**EXERCISE AIM:**
Write out each record in full and exactly as given. Skip any pictures.

**STORED DATA:**
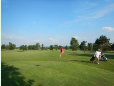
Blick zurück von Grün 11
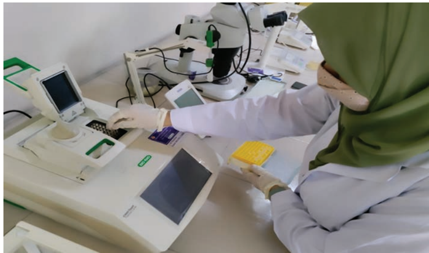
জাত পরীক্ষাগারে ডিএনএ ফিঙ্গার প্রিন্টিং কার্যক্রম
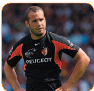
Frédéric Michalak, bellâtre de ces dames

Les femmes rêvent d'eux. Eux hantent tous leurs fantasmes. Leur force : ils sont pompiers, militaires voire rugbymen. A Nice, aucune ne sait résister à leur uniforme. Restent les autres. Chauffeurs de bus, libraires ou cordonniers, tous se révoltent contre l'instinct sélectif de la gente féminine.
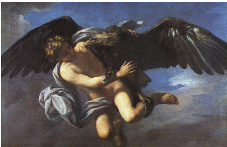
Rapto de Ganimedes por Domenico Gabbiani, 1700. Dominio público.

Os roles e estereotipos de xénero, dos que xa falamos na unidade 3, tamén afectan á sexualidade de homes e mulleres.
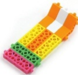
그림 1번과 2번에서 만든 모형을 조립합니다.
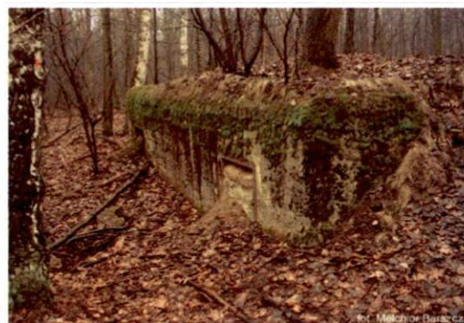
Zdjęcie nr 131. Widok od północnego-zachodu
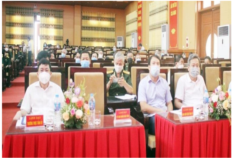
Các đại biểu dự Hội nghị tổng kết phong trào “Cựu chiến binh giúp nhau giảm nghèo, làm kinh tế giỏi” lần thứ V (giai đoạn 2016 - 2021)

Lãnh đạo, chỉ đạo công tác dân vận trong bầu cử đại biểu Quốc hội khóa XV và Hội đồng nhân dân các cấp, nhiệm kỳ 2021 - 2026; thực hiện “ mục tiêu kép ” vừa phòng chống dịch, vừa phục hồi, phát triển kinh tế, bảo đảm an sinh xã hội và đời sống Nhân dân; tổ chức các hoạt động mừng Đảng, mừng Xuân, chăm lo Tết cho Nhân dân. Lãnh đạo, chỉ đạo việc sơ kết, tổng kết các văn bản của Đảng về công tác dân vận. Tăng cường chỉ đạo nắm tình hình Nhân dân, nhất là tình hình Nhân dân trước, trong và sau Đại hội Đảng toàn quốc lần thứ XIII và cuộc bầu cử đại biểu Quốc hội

**RESULT FOR THIS TASK:**
Blick zurück von Grün 11
জাত পরীক্ষাগারে ডিএনএ ফিঙ্গার প্রিন্টিং কার্যক্রম
Frédéric Michalak, bellâtre de ces dames

Les femmes rêvent d'eux. Eux hantent tous leurs fantasmes. Leur force : ils sont pompiers, militaires voire rugbymen. A Nice, aucune ne sait résister à leur uniforme. Restent les autres. Chauffeurs de bus, libraires ou cordonniers, tous se révoltent contre l'instinct sélectif de la gente féminine.
Rapto de Ganimedes por Domenico Gabbiani, 1700. Dominio público.

Os roles e estereotipos de xénero, dos que xa falamos na unidade 3, tamén afectan á sexualidade de homes e mulleres.
그림 1번과 2번에서 만든 모형을 조립합니다.
Zdjęcie nr 131. Widok od północnego-zachodu
Các đại biểu dự Hội nghị tổng kết phong trào “Cựu chiến binh giúp nhau giảm nghèo, làm kinh tế giỏi” lần thứ V (giai đoạn 2016 - 2021)

Lãnh đạo, chỉ đạo công tác dân vận trong bầu cử đại biểu Quốc hội khóa XV và Hội đồng nhân dân các cấp, nhiệm kỳ 2021 - 2026; thực hiện “ mục tiêu kép ” vừa phòng chống dịch, vừa phục hồi, phát triển kinh tế, bảo đảm an sinh xã hội và đời sống Nhân dân; tổ chức các hoạt động mừng Đảng, mừng Xuân, chăm lo Tết cho Nhân dân. Lãnh đạo, chỉ đạo việc sơ kết, tổng kết các văn bản của Đảng về công tác dân vận. Tăng cường chỉ đạo nắm tình hình Nhân dân, nhất là tình hình Nhân dân trước, trong và sau Đại hội Đảng toàn quốc lần thứ XIII và cuộc bầu cử đại biểu Quốc hội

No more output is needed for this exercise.